Doug Cutting: Big Data Is No Bubble
Even the hype can’t spoil the real future of Big Data, says Hadoop creator Doug Cutting
Apache Hadoop is at the heart of the Big Data movement, and Doug Cutting is its co-creator. He is also now architect at Cloudera, the company whose Hadoop distribution is leading the Big Data world, thanks to deals with Microsoft, Oracle, IBM and others/
Hadoop originated at Yahoo, where it was developed to support distributed processing. Cutting and Michael Cafarella built it for the Nutch search engine which Yahoo was working on at the time, but it has gone wider than that, so now no one in the industry is unaware of Big Data – and Hadoop.
TechWeekEurope was pleased to get some time with Cutting, at IP Expo in London this week. We first had to work through some definitions, consider where Big Data was going to – and found some time to examine the other key role Cutting has: he is actually chair of the Apache Foundation – the leading open source body, which manages Hadoop along with other leading open source projects such as OpenOffice, and the Apache Server.
Could he live up to this reputation?
First of all, Cutting explained why Hadoop has the role it does.

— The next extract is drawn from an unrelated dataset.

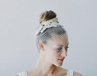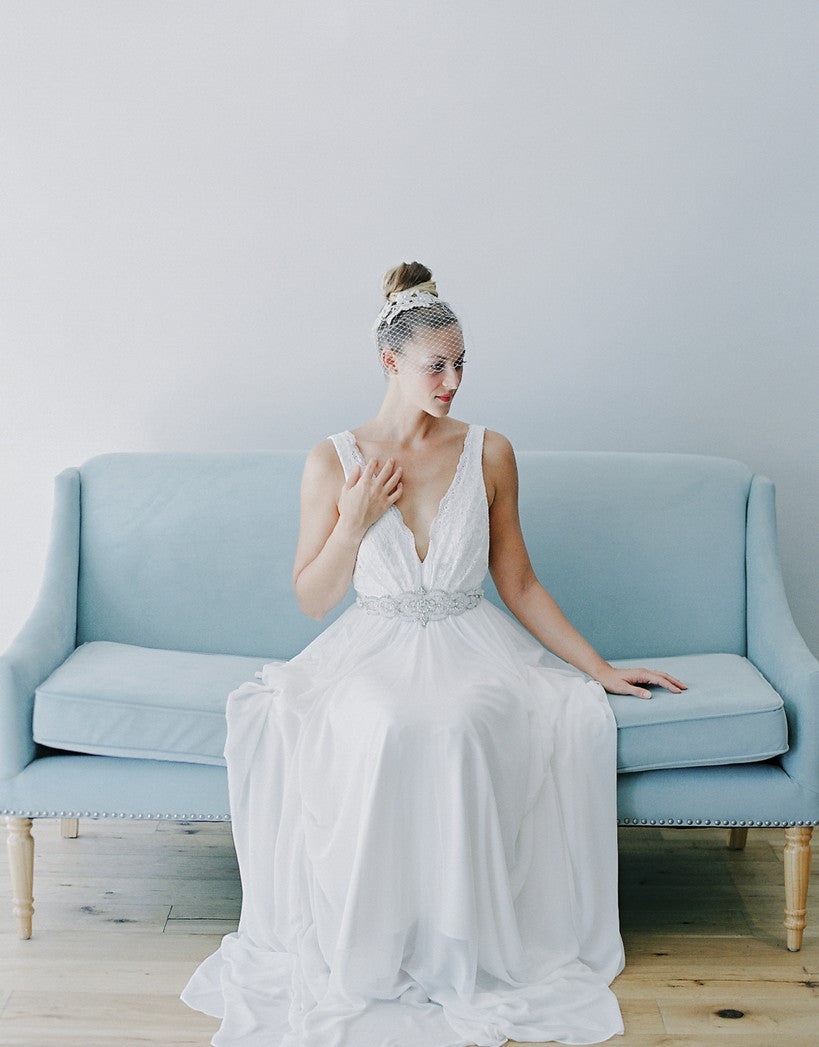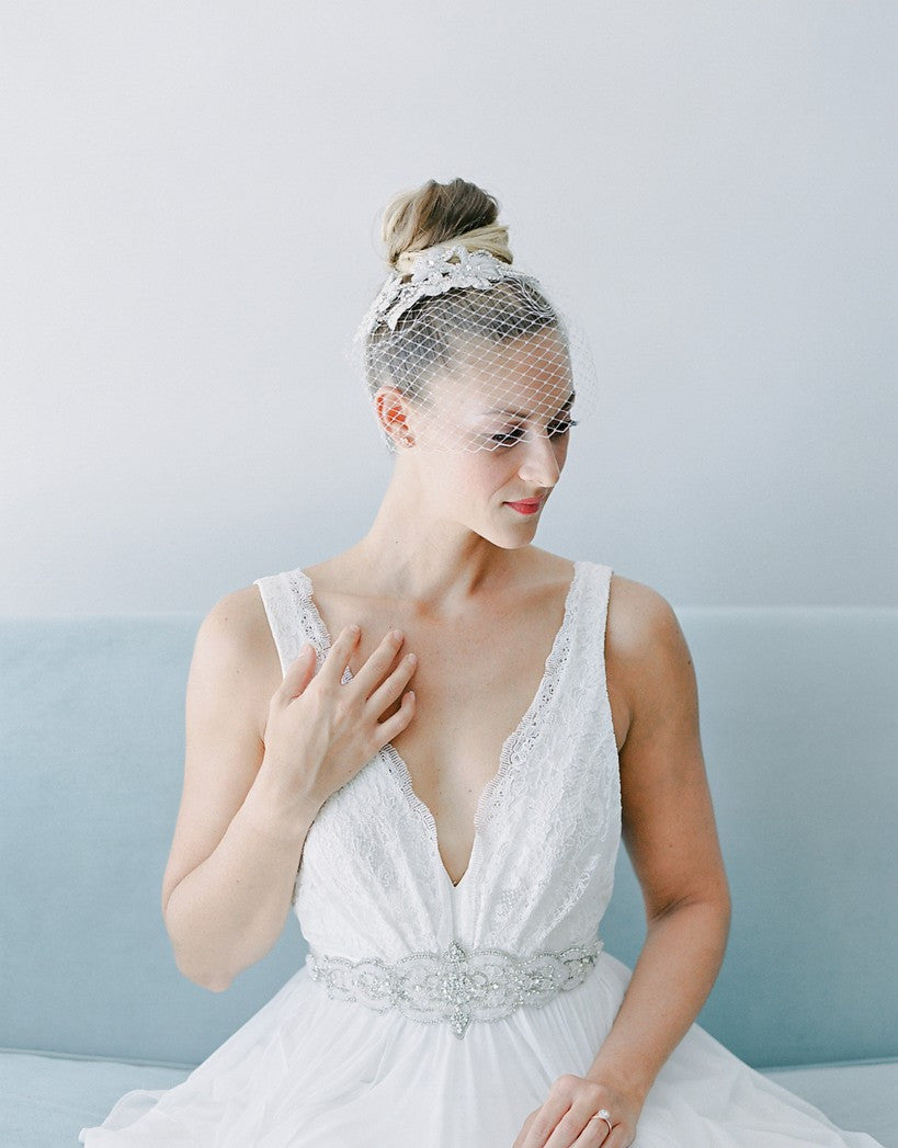 adorned birdcage veil with handbeaded applique made with glass beads and rhinestones

The Hadoop Distributed File System can handle multiple types of data in large quantities, by distributing the processing onto clusters of low-cost servers – the basis of real Big Data.
Cloudera’s CDH distribution includes Hadoop, along with the HBase key value store (roughly equivalent to a database – but without the limitations of columns and SQL), language tools including Hive, and the MapReduce tool developed at Google.
“I think of Big Data as this style of computing where you take advantage of commodity hardware and commodity software and the availability of bulk storage in an integrated platform – and you move the computation to the data,” he says.
“You start with hardware, a bunch of nodes that are all on the same high speed network, and you build a software platform on top of this which makes it appear to be one big computer. It’s a different model of computing.”
Given how specific his idea of Big Data is, is he concerned about the current level of hype – and therefore confusion – around Big Data?
“Do I mind the term Big Data?” he says. “No, we have to call it something.”
“Am I worried whether this is a bubble?” he goes on. “I’ve been involved in boom and bust hype cycles for many years, and most people in a boom say ‘Oh, this one is different!’ But I really believe that the trends that underlie this really are long term trends. Moore’s law tells us that there will be cheaper and faster hardware year by year. And there is a trend to greater automation in industry, which will be the primary driver of economic growth.”
In any sector of business, it is software and automation which will provide the growth, he says, and Big Data will be the driving force within that.
“The roadmap that Google provides us with really gives me hope that this is not a one-trick pony,” he says. “We have a software foundation that we can build an incredible array of applications on. I see no reason that it can’t become the mainstay of enterprise computing.”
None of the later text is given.